We often find people are keen to make sure they have some impact, and thus don’t pursue high-risk options — even when they have higher expected value. Unfortunately, if the reasoning above is correct, this will often mean that these risk-averse people are giving up their best opportunities to contribute.
We recommend clearly separating your personal goals from your altruistic goals. With your personal goals, it makes sense to try to reduce the risk you face. However, once you’ve reduced your personal risk to an acceptable level, then you can pursue your impact-focused goals in a risk-neutral way, which means being open to high-risk high-reward options, and perhaps even seeking them out.
Here are some ways to manage career risks:
- Analyse the specific downside scenarios you face. It’s easy to have a vague sense that an option is risky, but when you spell out a realistic worst case scenario, it doesn’t seem so bad.
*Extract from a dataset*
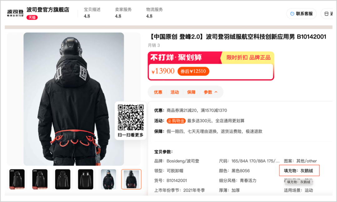 波司登號稱“登峰2.0”采用了“1000蓬5A級珍稀鵝絨”,從天貓旗艦店中可知,其采用的也并非白鵝絨,而是灰鵝絨。
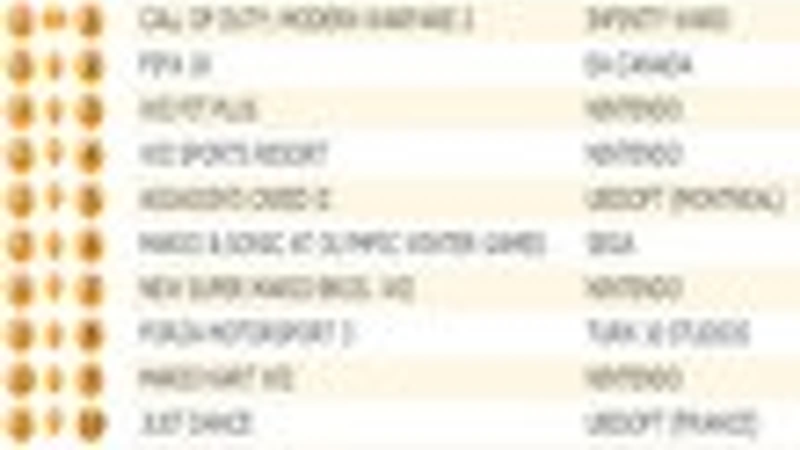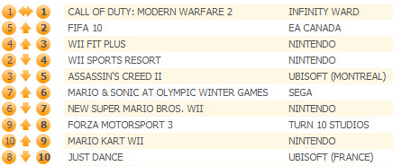 Assassin's Creed II опустилась на пятую строчку (-5%), Mario & Sonic at the Olympic Winter Games (+13%) - поднялась на шестую. New Super Mario Bros. Wii (-1%) - на седьмой, Forza Motorsport 3 (+11%) - восьмой, Mario Kart Wi (+12%) - девятой строчках хит-парада. Замыкает Top 10 Just Dance.

In doing this you might also realise there are straightforward things you can do to reduce the risks.
- Create a ‘Plan Z’ — an option you can definitely pursue if all your other options don’t work out.
- Consider eliminating paths that might cause you to burn out or become very dissatisfied (even if you take the steps above).
- If you’re not in a good position to take risks right now, consider focus on building transferable career capital and financial runway until you feel more comfortable pursuing higher-risk options.